Department: Biology, Geology
Teaching: Investigative Approaches in Biology, Organismal Physiology and Ecology, Biostatistics
Research: Paleobiology, Biomechanics, Anatomy
Degrees: B.S., University of Illinois at Urbana Champaign
Ph.D., University of South Florida
Office Location: Steffee Hall B.105
Student Office Hours:
Mondays 10:30-11:30 am
Tuesdays 10 am-12 pm
Wednesdays 2-3:30 pm
Thursdays 2:30-4 pm
My general research interest is on the evolution of shape. My main focus is on functional morphology, the relationship between form and function, in extinct and extant organisms. My primary tool for this is biomechanics, the application of engineering techniques to determine how organisms perform mechanical functions, the design of morphological systems, and the relationship of these to the organism’s environment. I also use shape as a diagnostic tool for species delimitation in the fossil record via geometric morphometrics, as well as determining paleoecological relationships. My research has historically concerned teeth and jaws of sharks and other fishes, the biomechanics of marine gastropods and their predators, and jumping mechanics of salamanders.
Potential comp projects in my lab could concern invertebrate or vertebrates; extinct or extant; biomechanics, morphometrics, or paleoecology. Previous comp topics in my lab include sexual dimorphism in macaque monkeys and great horned owls, northern pike bite force, bluegill feeding kinematics, and biomechanics of various aspects of locomotion in fishes, lizards, frogs, salamanders, and humans.
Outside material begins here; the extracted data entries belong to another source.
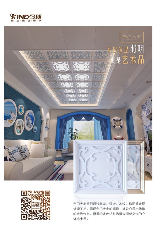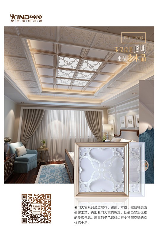 今頂集成吊頂“名門大宅”系列集成吊頂春季新品奢華上市,板材和LED照明兩種系列帶來(lái)最完美的組合。本次“名門大宅”系列產(chǎn)品依舊以整體設(shè)計(jì)效果為基調(diào),力求把中華傳統(tǒng)元素與窗花藝術(shù)相融合,創(chuàng)造出中華文化特色的名門大宅風(fēng)格。通過(guò)不同風(fēng)格的板材和LED照明巧妙結(jié)合,板材的大氣奢華,燈光的變幻莫測(cè),帶來(lái)視覺(jué)上的極致體驗(yàn),整體風(fēng)格經(jīng)典、奢華、又不失雅致?!懊T大宅”系列不僅是承載一個(gè)大家庭生活的空間,其蘊(yùn)含人文、內(nèi)藏禮序與尊榮的底蘊(yùn),也是繼續(xù)延承下去的珍貴財(cái)富。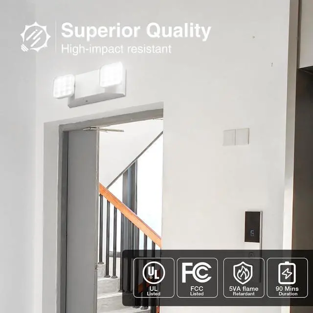 - High Standard - The Commercial emergency light fixtures have Injection-molded housing with engineering grade. 5VA flame retardant, high-impact resistant. Complies with UL 924 emergency light.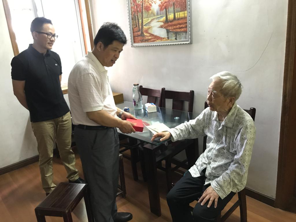 本网讯(生科院 何馗馗) 在党的百年华诞即将来临之际,6月24日上午,公司党委书记蒋学波,副书记汪倩倩,副经理王立龙、王鹏,党委委员刘爱民等走访慰问老党员,向他们致以节日问候。
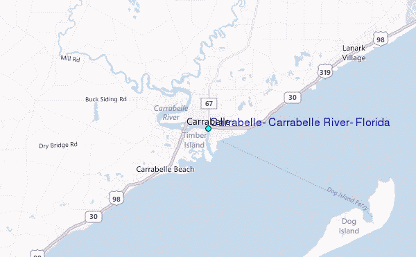 Use this relief map to navigate to tide stations, surf breaks and cities that are in the area of Carrabelle, Carrabelle River, Florida.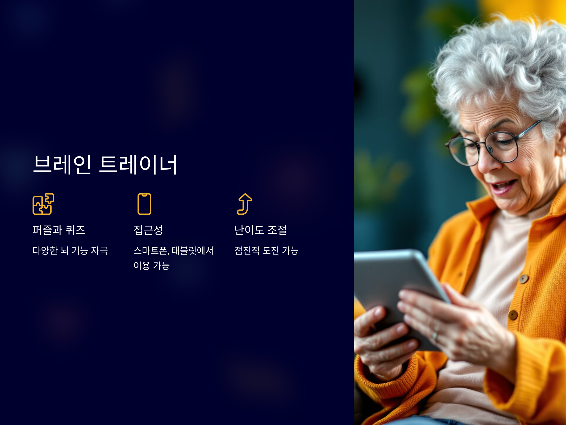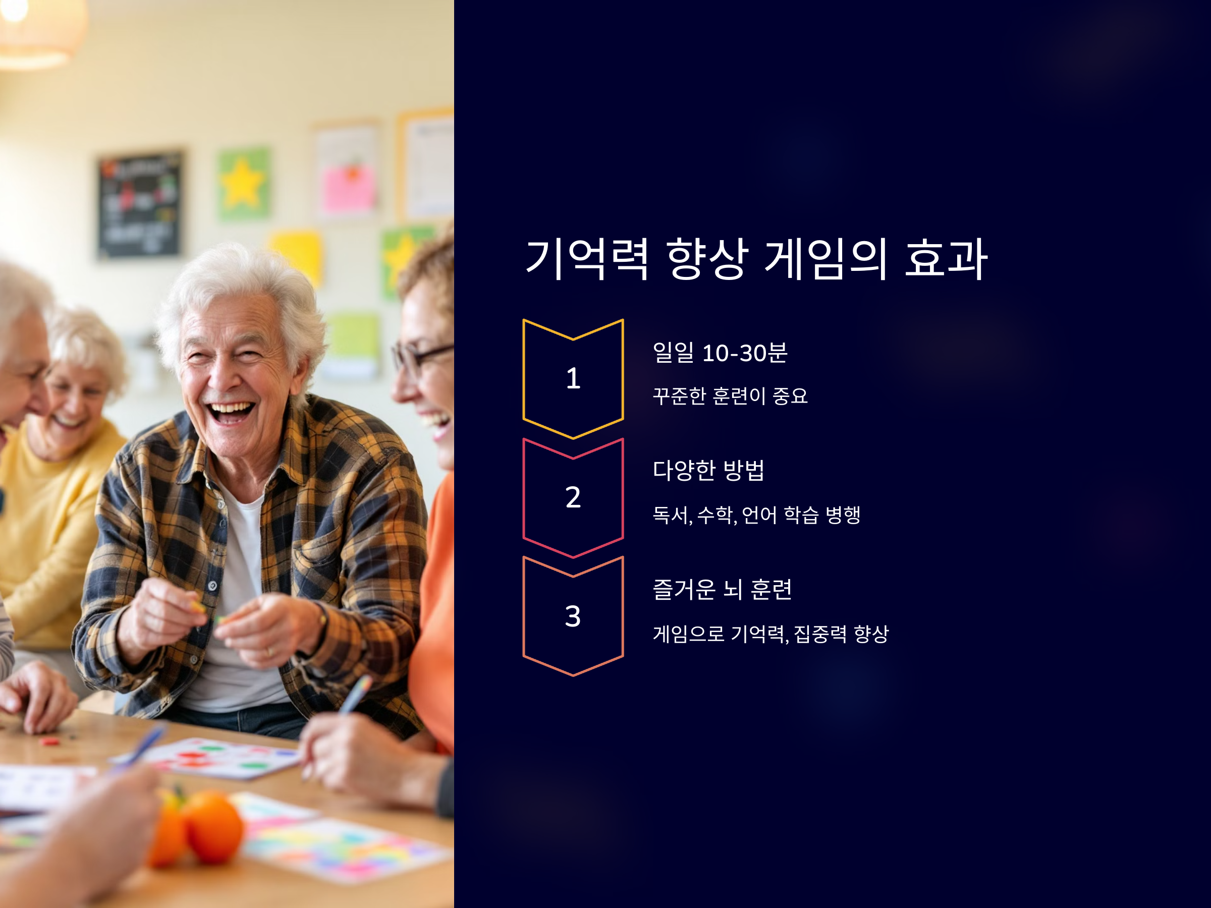시니어들이 기억력과 뇌 건강을 지키는 데 게임만큼 좋은 도구는 없습니다. 즐겁게 게임을 하면서 뇌 훈련을 할 수 있고, 이를 통해 기억력과 집중력을 향상시킬 수 있습니다. 매일 조금씩 기억력 향상 게임을 즐기며 뇌 건강을 지키세요.

A complete list of comps from my lab can be found at: https://sites.google.com/a/allegheny.edu/whitenack/student-research
Ryan Sessler ’23 and Associate Professor of Biology & Geology Lisa Whitenack presented their summer research “Chomping at the bit: the effects of wear on shark tooth puncture performance and morphology” at the Society for Integrative and Comparative Biology annual meeting on Jan. 6, 2022.
Sessler examined the puncture forces and degree of wear in shark teeth from bull sharks, blacktip sharks, and sandbar sharks in fish prey. Forces and wear were measured over a series of 400 punctures per tooth, but the effects were seen as early as 20 punctures into the series. Some sharks can replace their teeth every few weeks, and these preliminary data suggest that it may be due to tooth wear. Sessler will use this preliminary data as the basis for his Senior Comp next year.